As is well known, when an Al film is formed at a low wafer temperature, a film having small crystal grains is formed. A film with small crystal grains has a lower resistance to electromigration when this Al film is used for a wiring than a film with large crystal grains. For this reason, as described above, if sufficient heating does not occur prior to film formation, the reliability of the Al wiring will be greatly reduced.

Also, in the case of an Al film, even if it is formed at a low wafer temperature,
The specular reflectance of the Al film does not decrease, and it is very difficult to visually identify such a defect.

〔The invention's effect〕

According to the present invention, the temperature of the wafer can be directly measured, so if a wafer that does not reach the desired temperature is found, additional heating or removal as a defective product from the beginning can be performed.
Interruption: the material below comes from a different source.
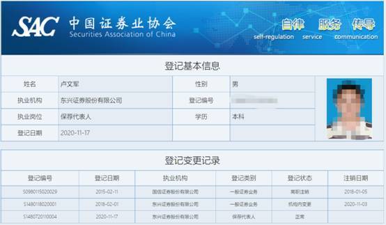 中國證券業(yè)協(xié)會公開資料顯示,覃新林的執(zhí)業(yè)機構(gòu)為東興證券股份有限公司,執(zhí)業(yè)崗位保薦代表人,登記日期為2016年2月29日至今。盧文軍的執(zhí)業(yè)機構(gòu)為東興證券股份有限公司,執(zhí)業(yè)崗位保薦代表人,登記日期為2020年11月17日至今。

As a result, shipment of defective products can be prevented.

[Brief description of the drawings]

FIG. 1 shows an embodiment of the present invention, and is an explanatory view showing an example in which the present invention is applied to a sputtering apparatus. 1: Heat block 2: Electric heater inside the heat block 3: Small window for temperature observation provided in the heat block 4: Si wafer (substrate) 5: Infrared thermometer 6: Optical path for observation of infrared thermometer 7: Peep window between atmosphere and vacuum 8: Heat transfer medium gas introduction pipe 9: Substrate holder 11: Drive shaft 12: Sputtering target 13: Gas introduction valve

──────────────────────────────────────────────────続 き Continuation of the front page (72) Inventor Yuji Yoneoka 292 Yoshida-cho, Totsuka-ku, Yokohama-shi, Kanagawa Pref. Hitachi Manufacturing Co., Ltd. (56) References JP-A-63-188940 (JP, A) JP-A-1-105530 (JP, A) JP-A-4-42025 (JP, A) JP-A-4-130746 (JP, A) JP-A-4-56145 (JP) , A) (58) Fields investigated (Int. Cl. ⁶ , DB name) H01L 21/66 H01L 33/00 H01L 21/31 G01J 5/00

Claims (1)

(57) [Claims] 1. A vacuum processing apparatus for performing processing by heating or cooling a substrate mounted on a base, a heating or cooling means for setting the base to a predetermined temperature, and an infrared ray for the back surface of the substrate. An observation hole provided in the base for observation by a thermometer, gas introduction means for filling a predetermined gas in a space formed by the substrate and the base, and the observation hole in the base. The observation hole is closed when the base or the substrate is being heated or cooled by the heating or cooling means, and is movably installed in an optical path to an infrared thermometer. A vacuum processing apparatus, comprising: a shutter for opening the observation hole and retracting from the optical path when measuring the temperature.